That's not the White. That's Masakado, who is pretty much humanity's biggest champion.Hands-off is rather the point, actually. Being able to make a decision for yourself is important and core to what SMT is talking about, I'm absolutely with you there. But at the risk of sounding like a bad Philosophy professor, why leave it back up to humans? Law and Chaos are worse options for humans, but if we're doomed to go on repeat, then any suggestion of agency and self-determinism is farcical. Humanity therefore has no agency because it traps itself in its' own cycle. That's the first conclusion that the forces of Law and Chaos come to before proceeding to their respective solutions to that. Neutral is a rejection of that mechanically and thematically, and I don't think the message is 'we'd rather do this again if it means not getting YHVH or Lucifer in our shit' but 'we can collectively move beyond this'.
Regardless of how it turns out game after game, it's a persistent hope that drags along the Neutral end.
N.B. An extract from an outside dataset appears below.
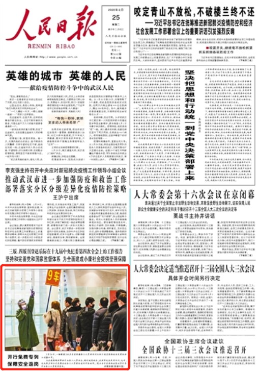 2月25日,《人民日報(bào)》刊登題為《開行免費(fèi)專列 保障安全返崗》的報(bào)道,聚焦川籍務(wù)工人員的免費(fèi)返崗專列。

That humans are worth saving and that you're doing something rather than actively working toward nothing.
And I wouldn't really take that quote at face value. Because, uh, the White aren't exactly people you're supposed to agree with.
But no, Neutral's theme is that what matters is that it's humanity's choice, humanity's decision when and how they end. That they're not going to give up their agency to a higher power because they promise a solution to the cycle. If they die, it's on their own terms. If they succeed, it'll be with their own two arms. That's what Neutral sees as worth fighting for! To reject the meddling of outsiders. It's why the protagonist cedes their power in the end.